A fiction writer by trade, author Christine Wiltz, whose promotion of this work included an NPR interview and several university speaking engagements, took two years worth of tape recordings left by Wallace and combined them with her own notable research to produce The Last Madam: A Life in the New Orleans Underworld. Encouraged by Jean Bernard, the wife of Wallace’s fifth and final husband, Wayne Bernard, who was thirty-nine years younger than Wallace, Wiltz wrote the story of the life and legacy of Norma Wallace.
In The Content of the Form: Narrative Discourse and Historical Representation, Hayden White writes that “. . . narrativity, certainly in factual storytelling and probably in fictional storytelling as well, is intimately related to, if not a function of, the impulse to moralize reality, that is, to identify it with the social system that is the source of any morality that we can imagine.” In The Last Madam, Christine Wiltz struggles to present Norma Wallace as a strong female character in America’s pop culture history. The book’s inscription “To the girls” may have been written at Norma Wallace’s taped insistence, but to label Wallace an “underworld queen” (publisher’s jacket note) and present her as a role model of sorts for independent women, as such an inscription seems to suggest, is problematic. Norma Wallace may have used the sexual secrets of mobsters, politicians, and officers of the law to keep her capital flowing, but her power, and so her long-running entrepreneurial success, came from the sexual labor of impoverished women’s bodies. If Wiltz had examined the life of Norma Wallace from this perspective, the text would be a valuable contribution to the study of power, desire, and labor in American history. Instead, The Last Madam is a shape-shifting narrative. It is sometimes a fascinating historical account. At other times, it is a fine work of fiction. At worst, it turns into a romance novel.

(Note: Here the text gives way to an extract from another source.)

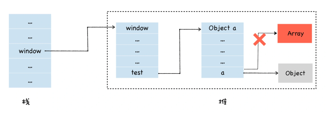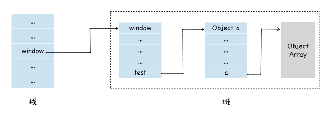 从上图我们可以看出,栈中保存了指向 window 对象的指针,通过栈中 window 的地址可以找到 window 对象,通过 window 对象可以找到 test 对象,通过 test 对象可以找到 a 数组。
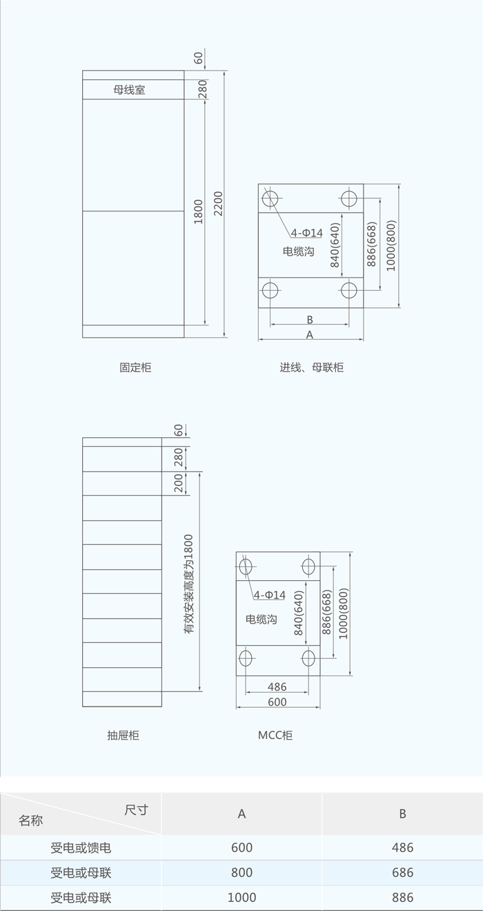 2)抽屉单元高度模数为200mm,分为1/2单元、1单元、2单元、3单元四个尺寸系列。单元回路额定电流630A以下。

At best, Norma Wallace and her operations are presented as a historical force that fused crime and punishment, high culture and low culture together during a period of New Orleans history when below the belt was above the law. Wiltz’s presentation of the changing shape of New Orleans, its architecture and popular culture, is a fascinating aspect of this book. JFK aficionados will enjoy Jim Garrison’s role in Wallace’s memoirs. Classic film fans will enjoy Marjorie Rambeau’s visit to Norma Wallace’s house on 410 Dauphine Street. Mobster and mafia buffs will be interested in Wallace’s contact with Carlos Marcello and Golfbag Sam.

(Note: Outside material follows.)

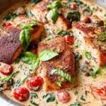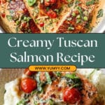 This Creamy Tuscan Salmon recipe features tender salmon fillets cooked to golden perfection and served with a rich, flavorful creamy sauce bursting with sun-dried tomatoes, cherry tomatoes, garlic, spinach, and Parmesan cheese. It’s a comforting yet elegant dish perfect for a quick weeknight dinner or a special occasion.

Unfortunately, however, there are also times within the text when the storytelling seems to fall into a tired run of exploits, one right after the other, all seeming the same: the police try to bust Norma Wallace; Norma Wallace hides the prostitutes who work for her; the police, finding no evidence, leave defeated. To the other extreme, though, there are moments around this listing of exploits that are anything but tired. In fact, they may have been copied directly from Wallace’s tapes. In the following scene, for example, Wallace is seducing Wayne while serving him breakfast: “What Mrs. Patterson [Norma Wallace] served up he’d never had a taste of before, and he wasn’t sure he could ever get enough of it.” Here, Mrs. Patterson rivals Jackie Collins’ famous character Lucky in the art of seduction.

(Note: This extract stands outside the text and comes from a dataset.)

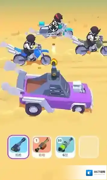 2、实时战术对抗:支持8人联机对战,可拾取EMP干扰、防护罩等战术道具,通过“漂移规避+回身射击”连招压制对手,上演公路武装混战。

Fortunately, there are also places in the text where Wiltz fuses fact and fiction to produce fine creative writing. Within these spaces, she tells a story of one woman’s struggle out of dire poverty and into a world where desire produces not only power but a specter of feminine beauty, one that ultimately ruins Norma Wallace. Christine Wiltz’s The Last Madam: A Life in the New Orleans Underworld is a fragmented text, but such moments of valuable prose, along with several well-constructed pictures of New Orleans, make it a text worth reading.